Here in the United States, this food is found prepared as a medicinal herb with broad benefits. Maca is a tonic, meaning it nourishes the entire body and provides the greatest benefit with long term use. Tonics by definition are nontoxic and unlikely to produce unusual or unwanted effects as long as they are used sensibly. Maca is also an adaptogen, meaning it acts on the hypothalamus/pituitary/adrenal (or HPA) axis in the body. Its nutrients fuel the endocrine system, a collection of glands that produce hormones essential for body function.

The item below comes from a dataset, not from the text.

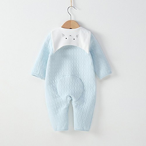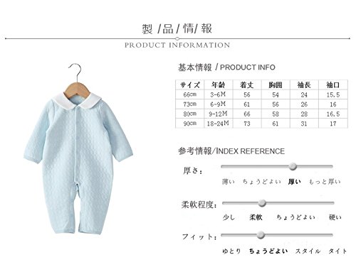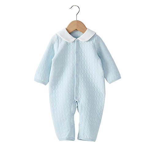 ベビー服 長袖ロンパース 白襟付き 新生児 子供服 春 秋 冬 綿100% カバーオール 赤ちゃん ニットキルト 無地 肌着 ブルー 6M

Maca is a nutritional powerhouse, as you might expect since it’s a primary food source for people who live in the particular region in Peru where it thrives. It’s rich in minerals, including calcium and magnesium; trace minerals, including iron, iodine, copper, zinc, selenium, and manganese; protein; and fatty acids. The alkaloids in maca support the function of the pituitary, thyroid, and parathyroid glands, while the Vitamin C and zinc aid the immune system function of the thymus.

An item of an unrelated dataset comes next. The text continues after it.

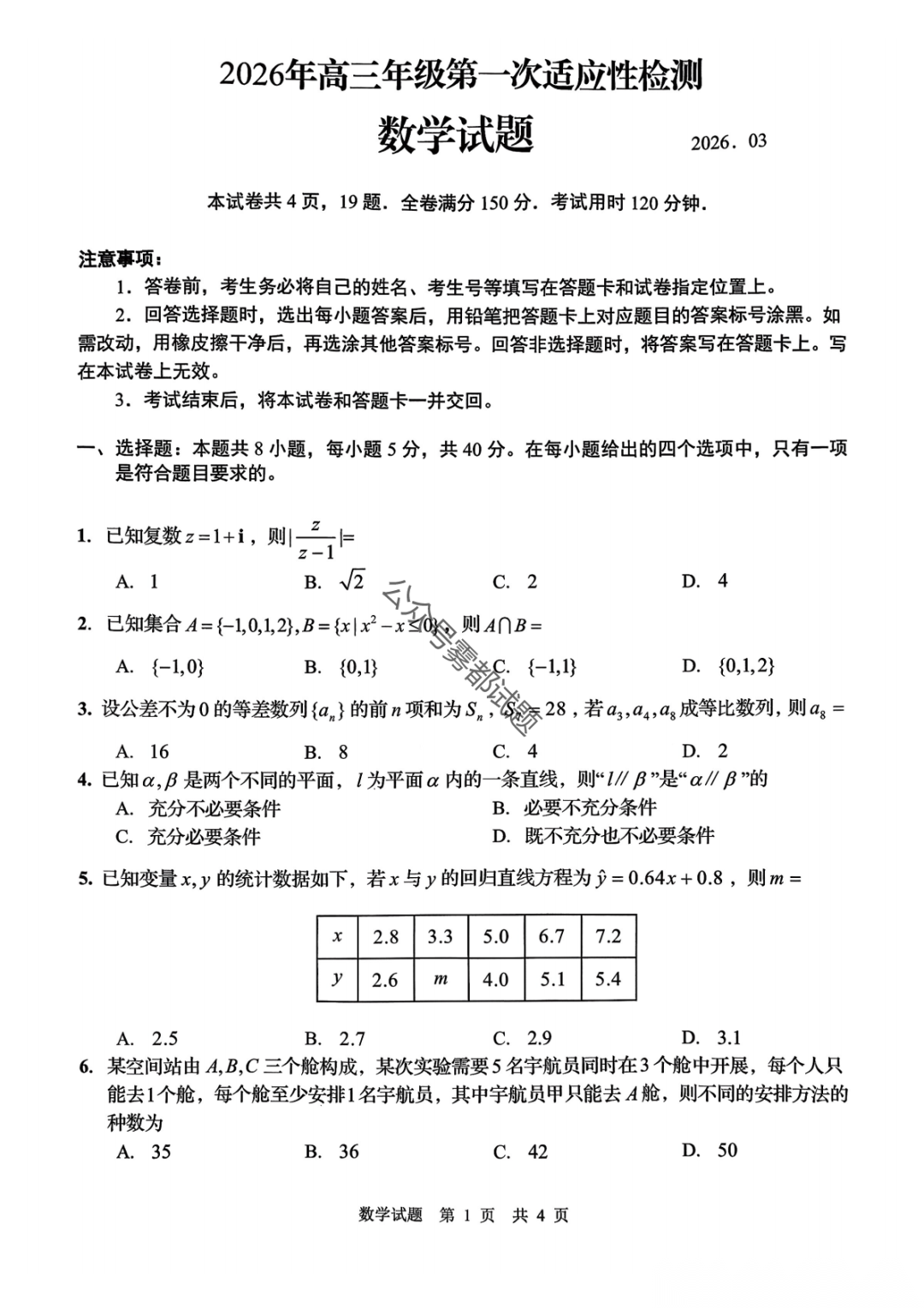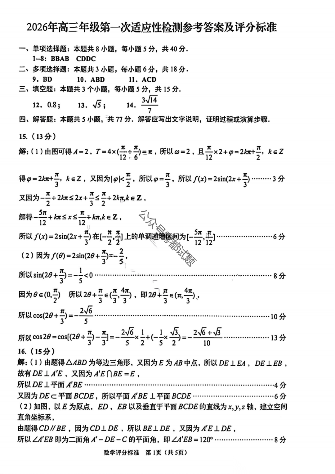 德阳市2026届高三第二次诊断考试(德阳二诊3.16汇总) 德阳市2026届高三第二次诊断考试(德阳二诊3.16汇总)

Like most tonics, maca boosts energy and stamina, but it has particular benefits for the male and female libido and reproductive systems. Herbalist David Winston notes that sperm counts have fallen 50% over the past 50 years due to toxic compounds in the environment. Maca boosts sperm count and motility and can be helpful in cases of erectile dysfunction. It also stimulates graafian follicles, which release female ovum at ovulation. Maca can also provide good support during perimenopause and menopause, relieving hot flashes and boosting low libido.
Maca is available as a liquid extract, in capsules, or as a loose powder. Look for a product that is cooked or gelatinized. Gelatinization is the process by which tough fiber is separated and removed from the root using gentle heat and pressure. Peruvians never consume raw maca. Cooking the root improves its digestibility, improves its taste, and neutralizes thyroid-suppressing compounds found in all brassicas. As with all herbs, look for a reputable company that has a personal relationship with growers to be sure you’re consuming a sustainable, healthy, and fairly traded product.

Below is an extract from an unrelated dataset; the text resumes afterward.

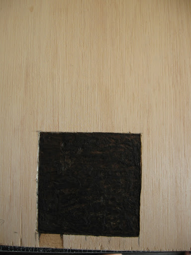 Then of course I had to seal it, or the charcoal would just rub right off, so I used a fixative, which worked great and left a matte finish. Then there was a small imperfection in the wood that had to be fixed. The top ply was slightly flawed at the edge in one small area, so when I carved it away from the fireplace, which was a half-inch from the bottom edge, that ply separated from the bottom edge too in a small spot:

In powdered form, maca is one of the easiest herbs to add to your diet. Simply follow the guideline of one or two teaspoons per serving. Add it to baked goods by substituting it for an equal amount of flour. (If, for example, you’re making a cake that serves eight, add eight teaspoons of maca and reduce the amount of flour by eight teaspoons.)
Maca does not contain gluten so it can be added to gluten-free recipes. It tastes great stirred into oatmeal and other hot cereals and can easily be added to smoothies, shakes, yogurt, and hot chocolate. Maca’s flavor combines nicely with ginger, chocolate, coconut, and vanilla. I have also had guacamole made with maca! Have fun experimenting when looking for ways to incorporate this nutritious, tasty food into your diet, and enjoy the boost to your well-being. In case you prefer using a recipe, I’ve included a couple tasty ones.

Strawberry Maca Smoothie
1 1/2 cups unsweetened almond milk
1 tbsp maca powder
2 cups strawberries
1 banana
1 tsp honey
1 tsp coconut flakes
1 tsp vanilla
1/4 tsp lime juice
1 cup ice
Thoroughly blend all ingredients except ice. Add ice and blend again until smoothie reaches desired thickness. Pour into glasses and enjoy! Serves 3. Recipe courtesy of Gaia Herbs.

Maca Truffles
1/2 cup maca powder
1/2 cup cocoa powder
1 cup almond butter
1 tbsp honey
1 tsp cinnamon
1 dash vanilla
1 pinch sea salt
1 pinch cayenne pepper
Mix almond butter, honey, and vanilla in food processor. Combine dry ingredients separately, then add and process everything together (or mix by hand). Roll into balls and dust with cocoa powder, then chill. Makes about 20 truffles. Recipe adapted from MindBodyGreen (www.mindbodygreen.com).

 

Bryn Cory is a women’s self defense instructor and avid baker. Since 2006 she has worked at Community Pharmacy, where her passion for whole foods and interest in nutrition inform her approach to body care and supplements.